• [What is required]: The records below are to be copied exactly, with every picture left out.

• [Records from a dataset]:

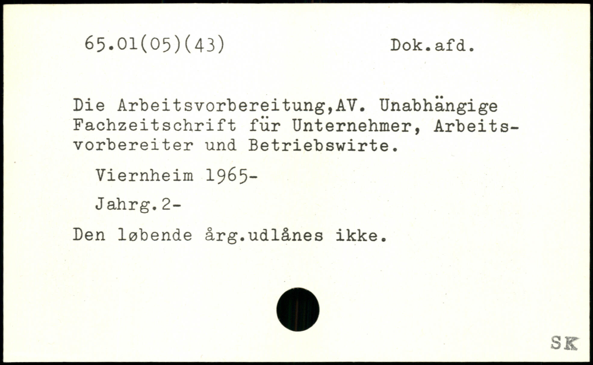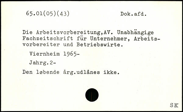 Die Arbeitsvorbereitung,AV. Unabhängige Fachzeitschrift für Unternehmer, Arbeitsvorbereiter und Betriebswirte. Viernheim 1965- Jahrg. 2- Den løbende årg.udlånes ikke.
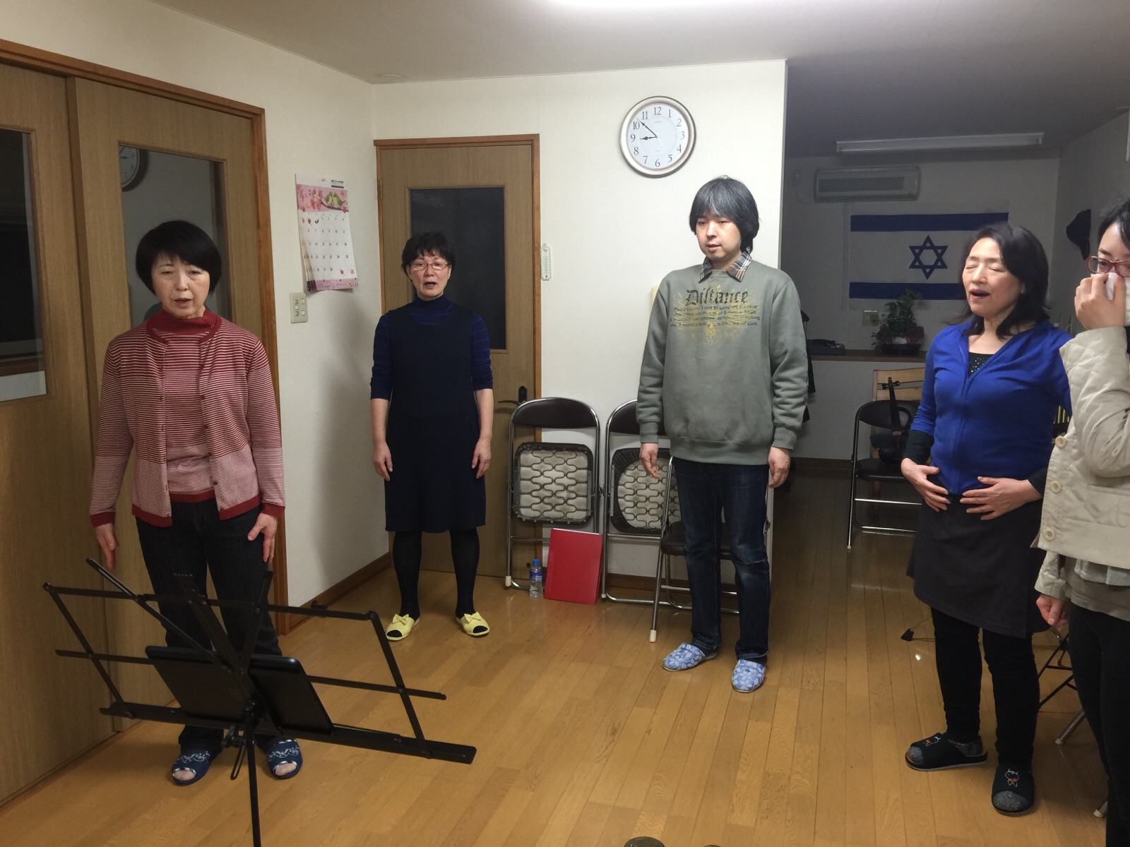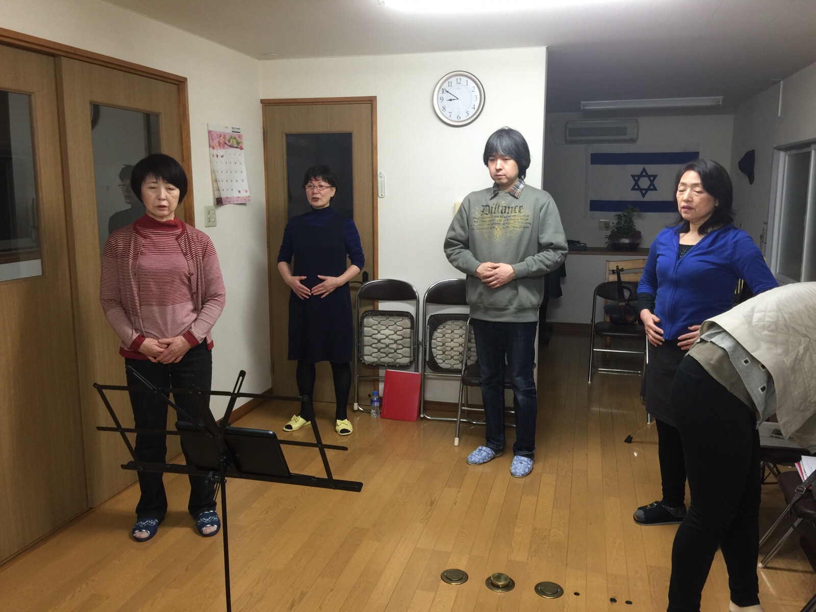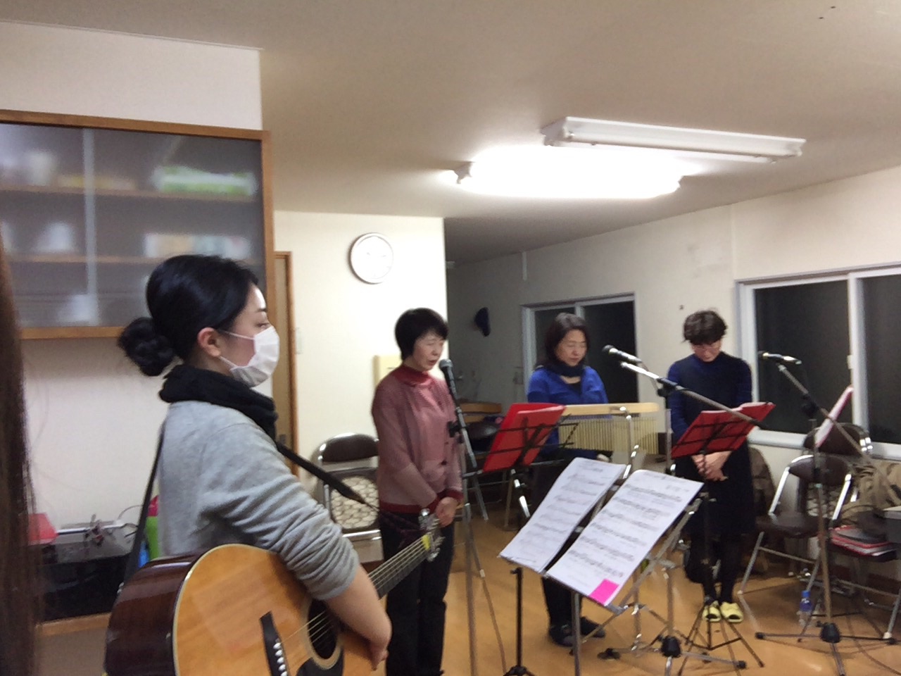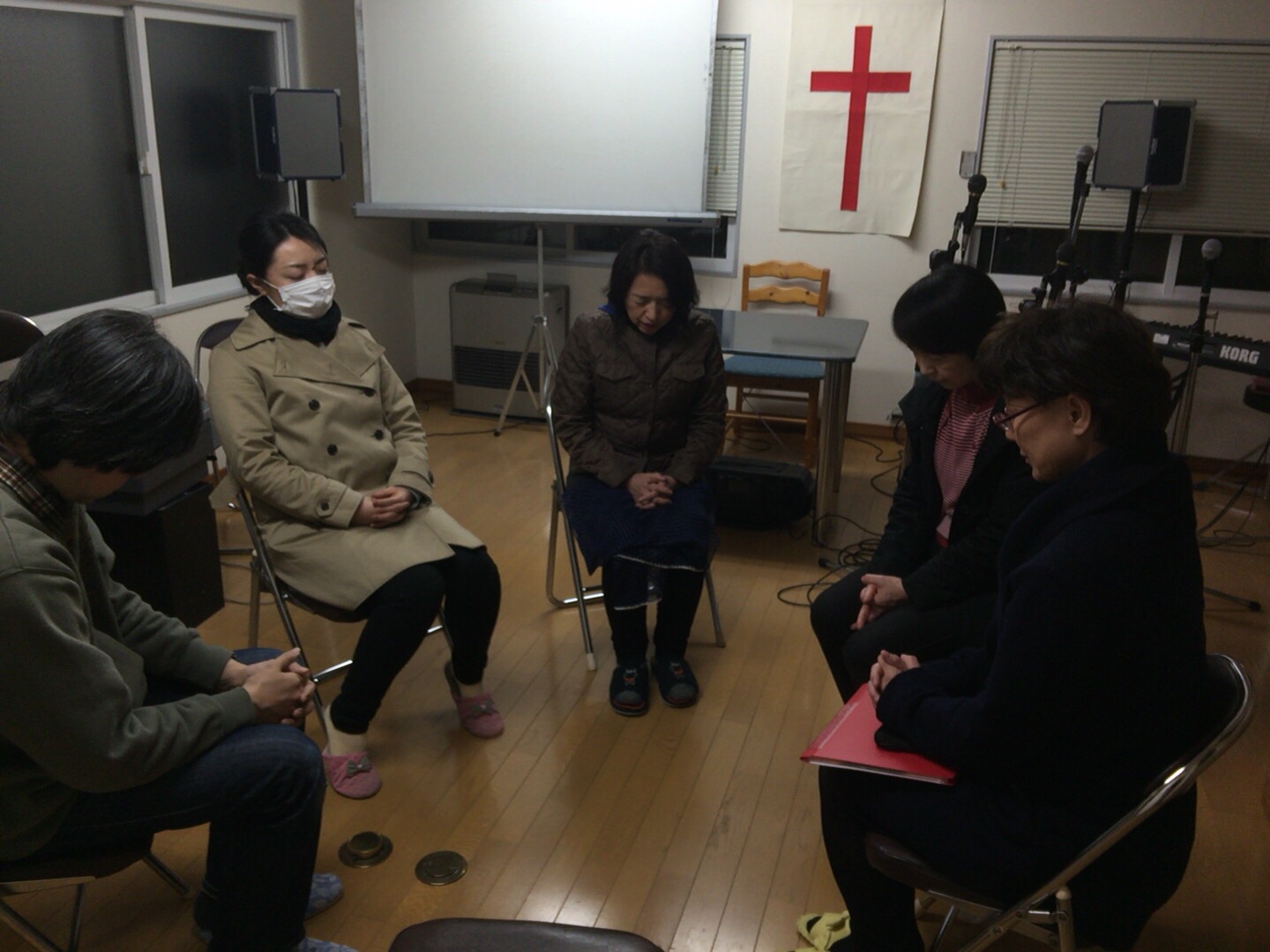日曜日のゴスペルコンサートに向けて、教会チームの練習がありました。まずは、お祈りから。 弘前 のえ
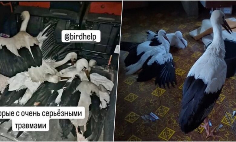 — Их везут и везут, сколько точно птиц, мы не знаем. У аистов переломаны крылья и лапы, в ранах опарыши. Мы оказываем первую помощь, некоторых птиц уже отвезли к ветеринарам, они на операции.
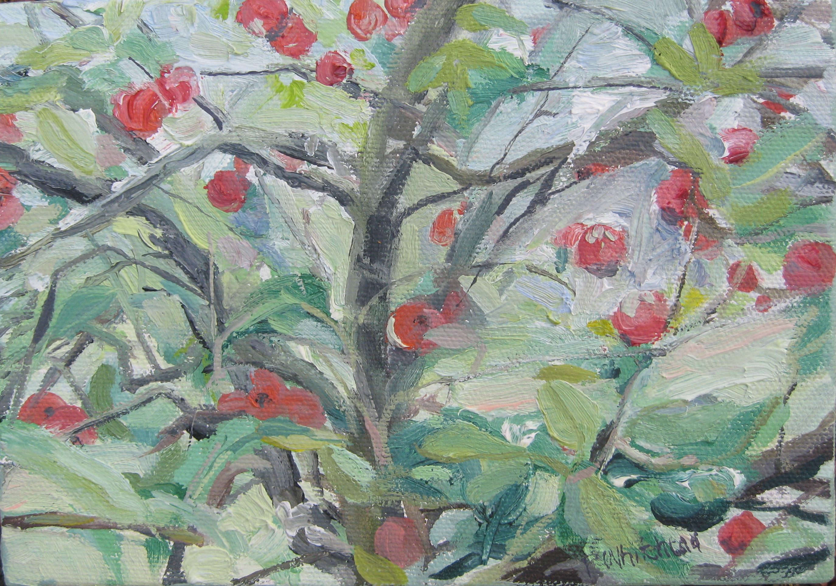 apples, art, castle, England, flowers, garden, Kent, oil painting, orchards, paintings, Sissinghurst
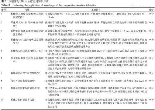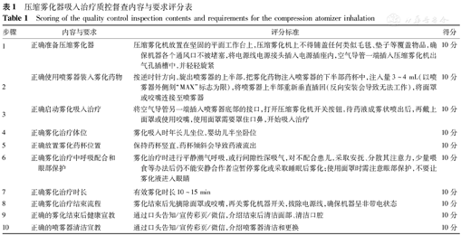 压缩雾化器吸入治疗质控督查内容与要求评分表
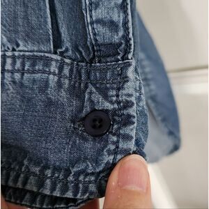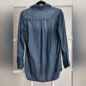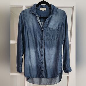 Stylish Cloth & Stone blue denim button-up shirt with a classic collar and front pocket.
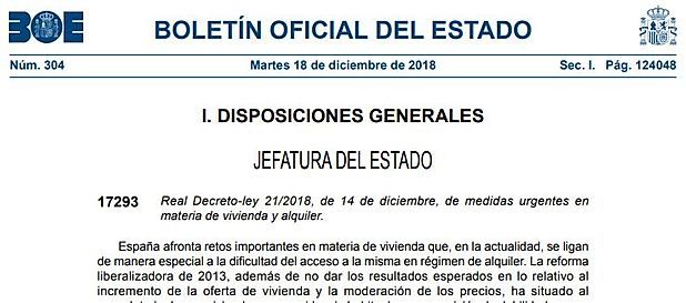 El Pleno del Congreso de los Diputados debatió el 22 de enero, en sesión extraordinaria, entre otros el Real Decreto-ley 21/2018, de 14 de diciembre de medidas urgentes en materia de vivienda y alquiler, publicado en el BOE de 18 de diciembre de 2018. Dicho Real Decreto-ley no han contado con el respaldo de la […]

• [Exercise response]:
 Die Arbeitsvorbereitung,AV. Unabhängige Fachzeitschrift für Unternehmer, Arbeitsvorbereiter und Betriebswirte. Viernheim 1965- Jahrg. 2- Den løbende årg.udlånes ikke.
日曜日のゴスペルコンサートに向けて、教会チームの練習がありました。まずは、お祈りから。 弘前 のえ
 — Их везут и везут, сколько точно птиц, мы не знаем. У аистов переломаны крылья и лапы, в ранах опарыши. Мы оказываем первую помощь, некоторых птиц уже отвезли к ветеринарам, они на операции.
 apples, art, castle, England, flowers, garden, Kent, oil painting, orchards, paintings, Sissinghurst
 压缩雾化器吸入治疗质控督查内容与要求评分表
 Stylish Cloth & Stone blue denim button-up shirt with a classic collar and front pocket.
 El Pleno del Congreso de los Diputados debatió el 22 de enero, en sesión extraordinaria, entre otros el Real Decreto-ley 21/2018, de 14 de diciembre de medidas urgentes en materia de vivienda y alquiler, publicado en el BOE de 18 de diciembre de 2018. Dicho Real Decreto-ley no han contado con el respaldo de la […]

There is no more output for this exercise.